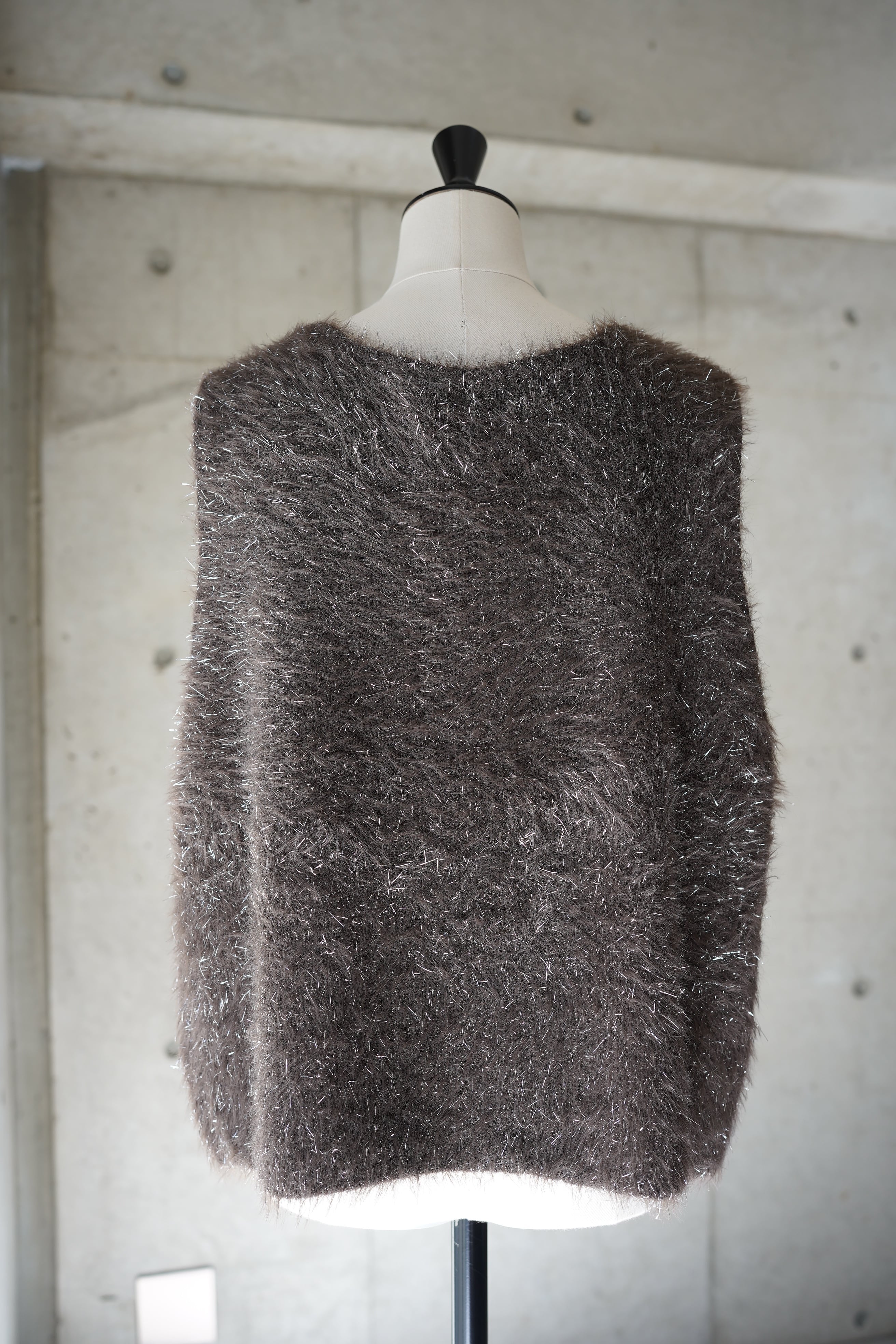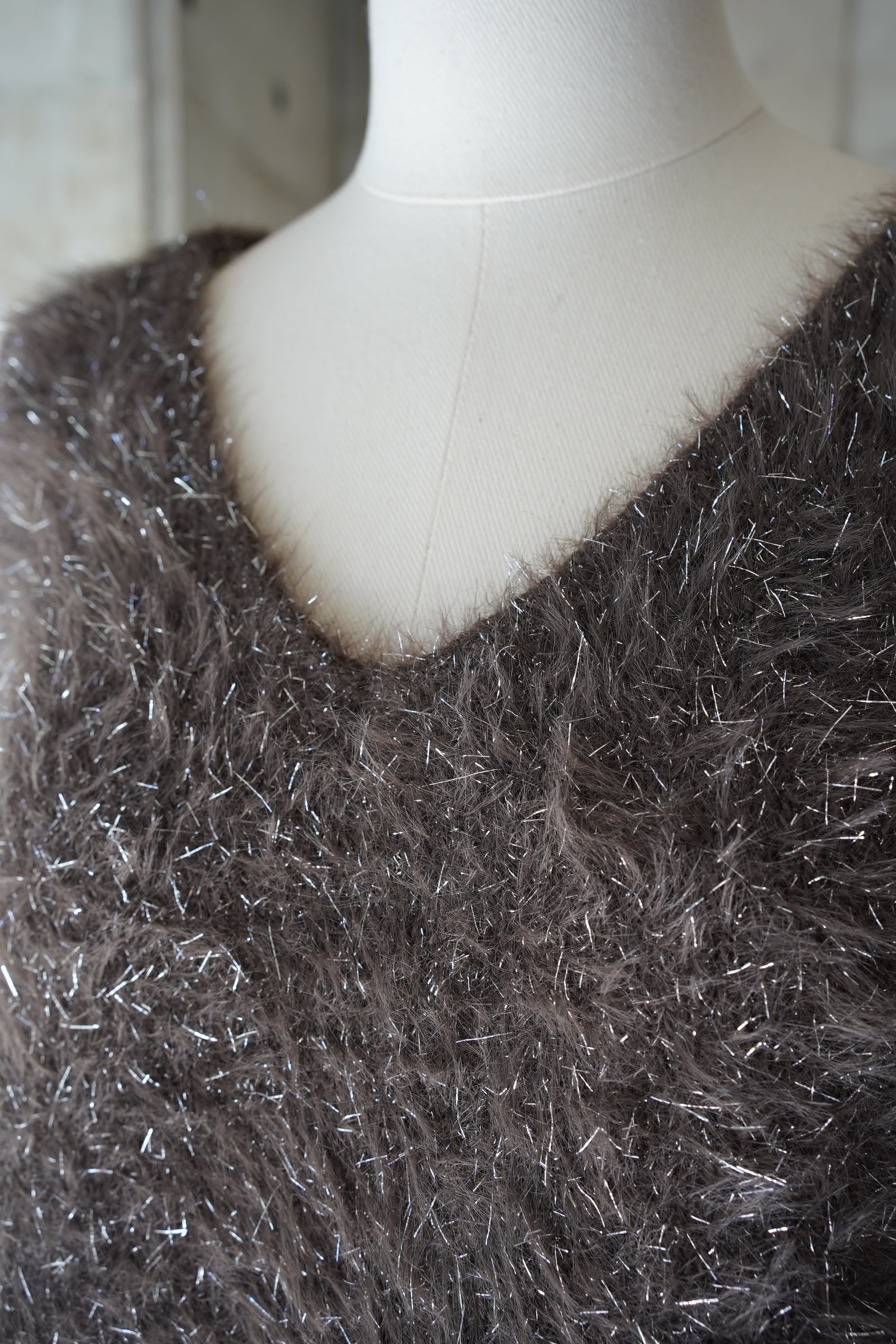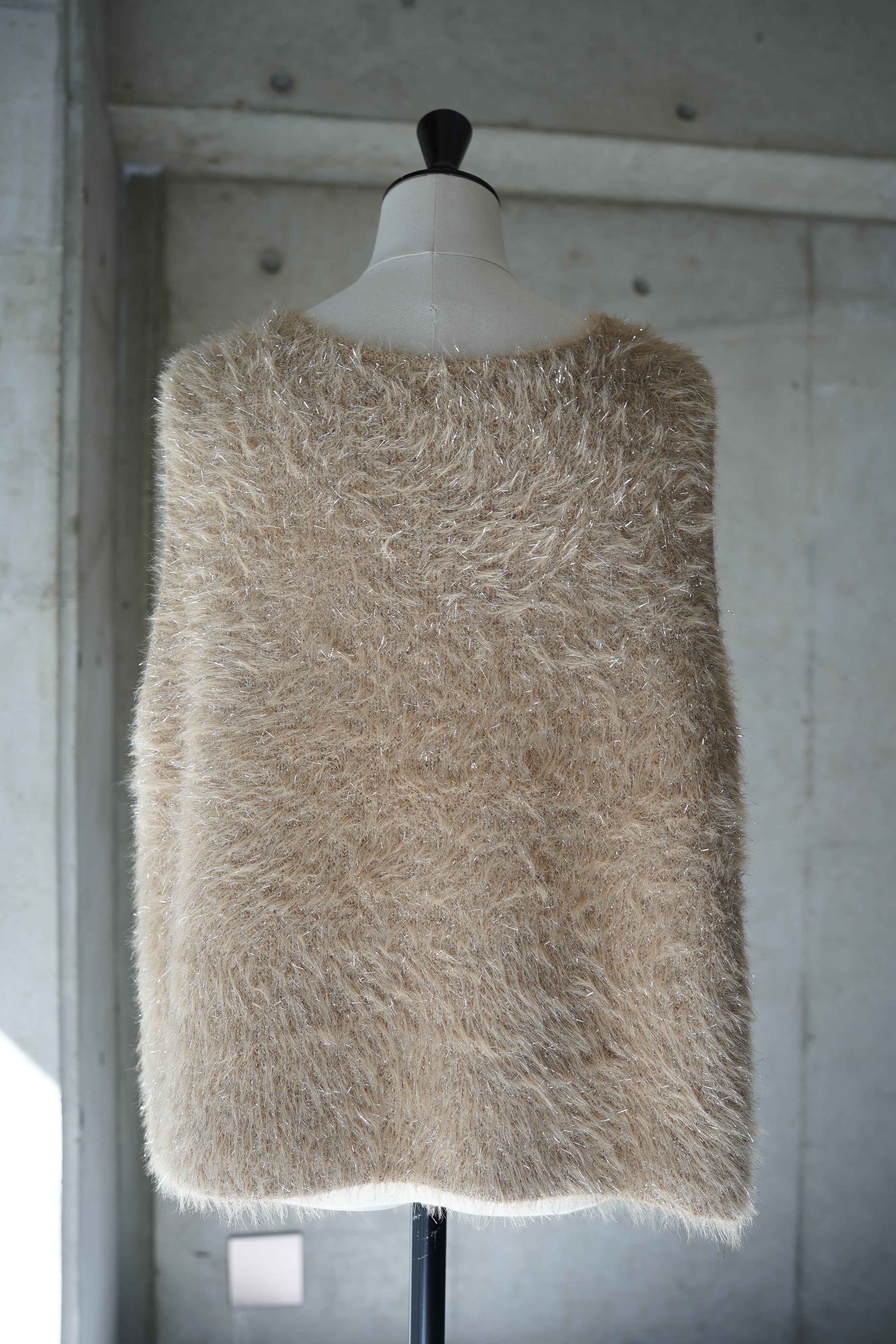 毛足の長いシャギーにラメ糸をミックスした質感のニットベスト。
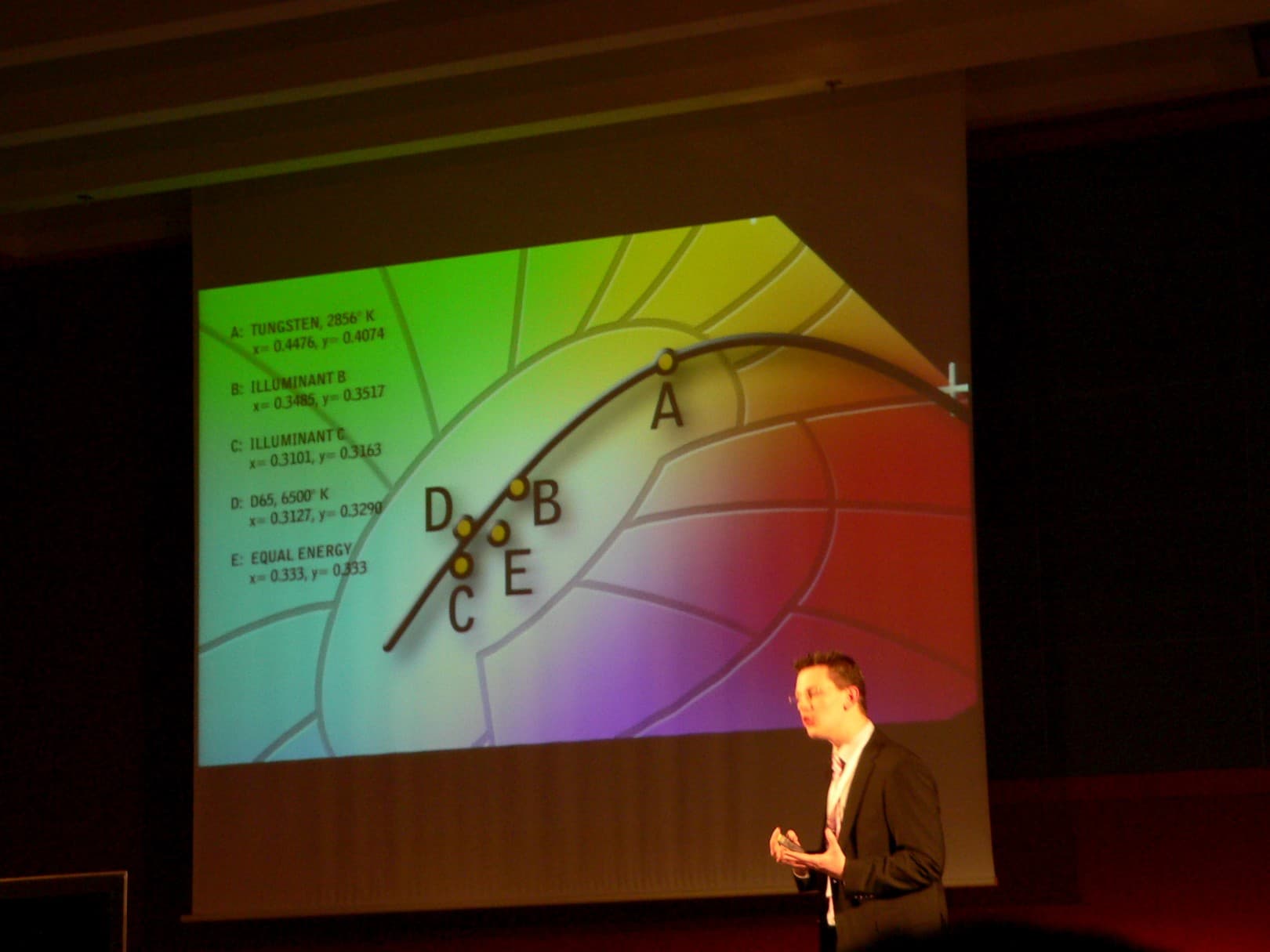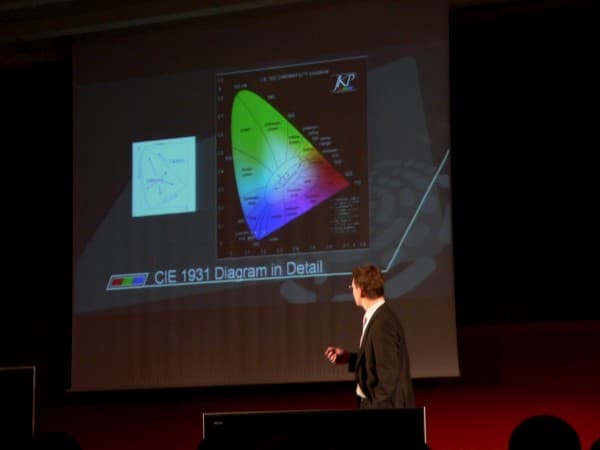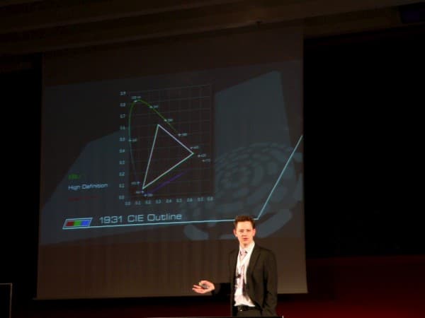 Но есть и еще один нюанс, состоящий в том, что еще одним параметром, влияющим на фактическое отображение цвета на экране, является цветовая температура. Формально сама эта настройка, в явном виде присутствующая в меню многих мониторов, позволяет дизайнерам и тем, кто профессионально работает с цветом, подстроить изображение, чтобы скомпенсировать влияние фонового освещения. Поскольку глаза имеют свойство подстраиваться таким образом, чтобы белый цвет воспринимался белым вне зависимости от того, что в данных условиях освещения он фактически желтый или синеватый. И когда мы глядим, то на клавиатуру, то на экран, целесообразно, чтобы белый цвет на экране не сильно отличался от цвета клавиш или иных попадающих в поле зрения предметов, которые в сознании человека зафиксированы как белые. В таком случае мозгу не придется перенастраиваться каждый раз и восприятие цвета на экране будет более достоверным. Но когда мы смотрим кино на большом экране, ситуация иная, каким бы ни было фоновое освещение, глаза адаптируются к происходящему на экране, и здесь крутить цветовую температуру в идеале пользователь не должен совсем, поскольку имеется стандарт, на который ориентируются при монтаже видео в киностудиях. И почему же тогда, придя в магазин, где продаются телевизоры, мы видим стену с одинаковыми изображениями, но явно «разноцветными»? — риторически восклицает спикер. Как минимум, на настройках по умолчанию, цветовая температура должна быть одинаковой, то есть стандартной.
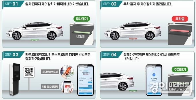 차량을 주차하면 바닥에서 차단 장치인 플랩이 자동으로 올라오고 출차 시 무인정산기나 스마트폰 앱으로 요금을 결제하면 장치가 내려가는 방식이다.
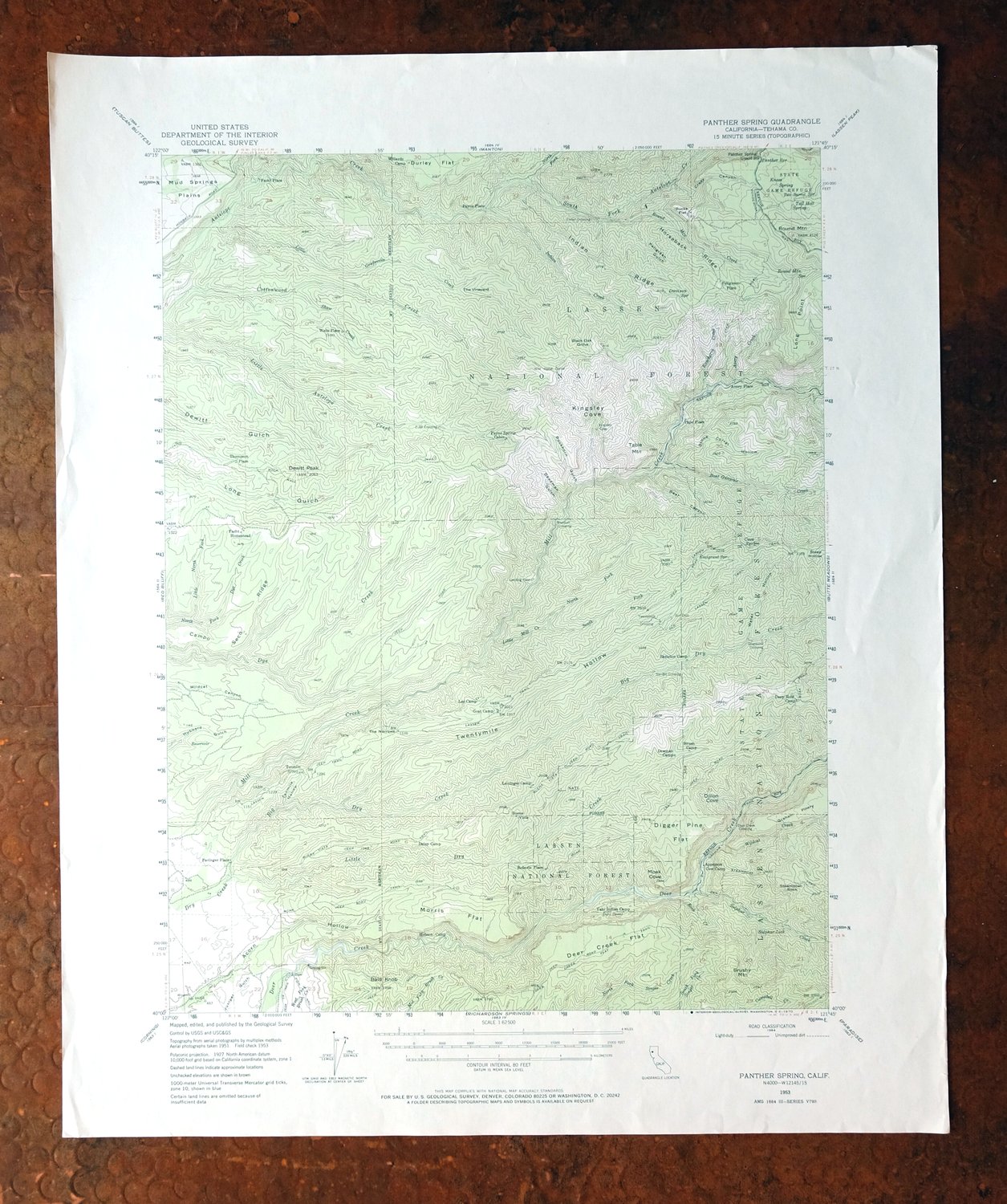 This vintage sheet is a 1953 edition of the Panther Spring California USGS topographic map. It is an original 52-year-old 1970 United States Geological Survey print in very good condition.
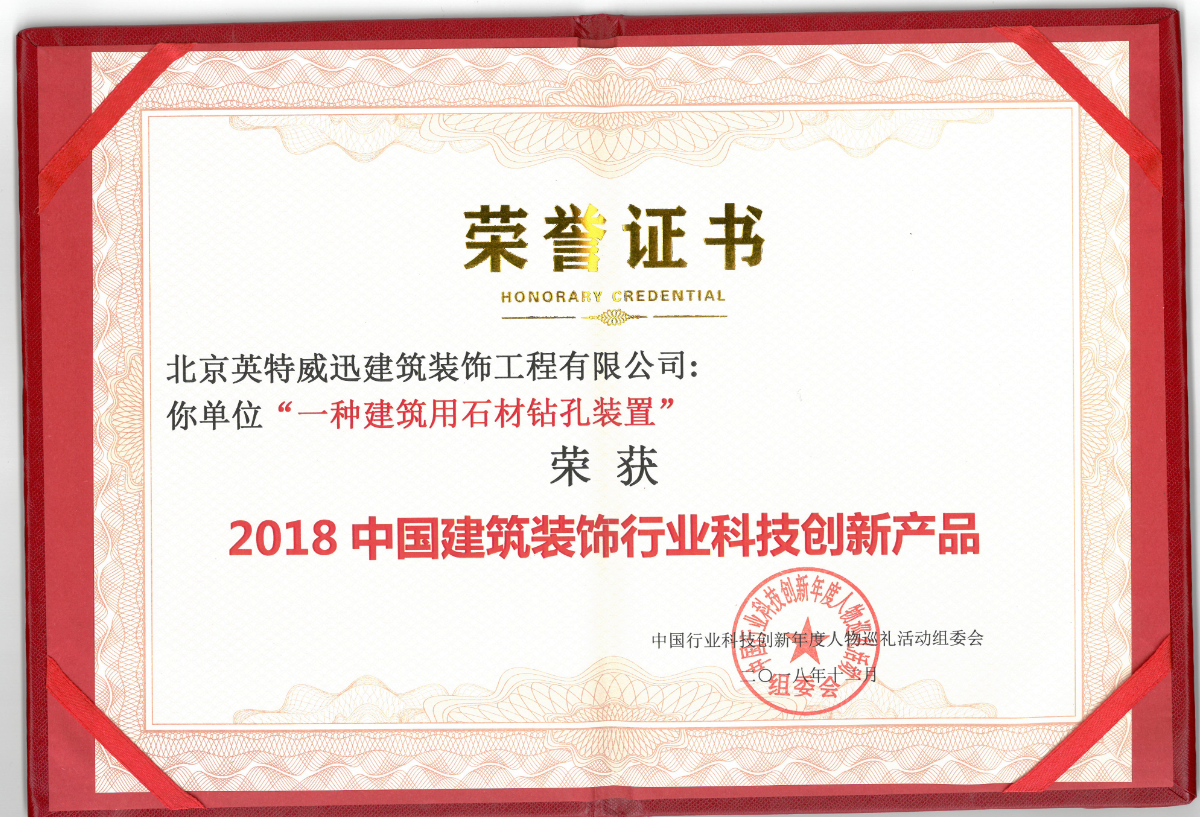 英特威迅公司專(zhuān)利榮獲建筑裝飾行業(yè)科技創(chuàng)新產(chǎn)品。
──────
◆ To do ◆
When you copy the entries above, keep every word exactly and omit the images.

◆ Output of the task ◆
 毛足の長いシャギーにラメ糸をミックスした質感のニットベスト。
 Но есть и еще один нюанс, состоящий в том, что еще одним параметром, влияющим на фактическое отображение цвета на экране, является цветовая температура. Формально сама эта настройка, в явном виде присутствующая в меню многих мониторов, позволяет дизайнерам и тем, кто профессионально работает с цветом, подстроить изображение, чтобы скомпенсировать влияние фонового освещения. Поскольку глаза имеют свойство подстраиваться таким образом, чтобы белый цвет воспринимался белым вне зависимости от того, что в данных условиях освещения он фактически желтый или синеватый. И когда мы глядим, то на клавиатуру, то на экран, целесообразно, чтобы белый цвет на экране не сильно отличался от цвета клавиш или иных попадающих в поле зрения предметов, которые в сознании человека зафиксированы как белые. В таком случае мозгу не придется перенастраиваться каждый раз и восприятие цвета на экране будет более достоверным. Но когда мы смотрим кино на большом экране, ситуация иная, каким бы ни было фоновое освещение, глаза адаптируются к происходящему на экране, и здесь крутить цветовую температуру в идеале пользователь не должен совсем, поскольку имеется стандарт, на который ориентируются при монтаже видео в киностудиях. И почему же тогда, придя в магазин, где продаются телевизоры, мы видим стену с одинаковыми изображениями, но явно «разноцветными»? — риторически восклицает спикер. Как минимум, на настройках по умолчанию, цветовая температура должна быть одинаковой, то есть стандартной.
 차량을 주차하면 바닥에서 차단 장치인 플랩이 자동으로 올라오고 출차 시 무인정산기나 스마트폰 앱으로 요금을 결제하면 장치가 내려가는 방식이다.
 This vintage sheet is a 1953 edition of the Panther Spring California USGS topographic map. It is an original 52-year-old 1970 United States Geological Survey print in very good condition.
 英特威迅公司專(zhuān)利榮獲建筑裝飾行業(yè)科技創(chuàng)新產(chǎn)品。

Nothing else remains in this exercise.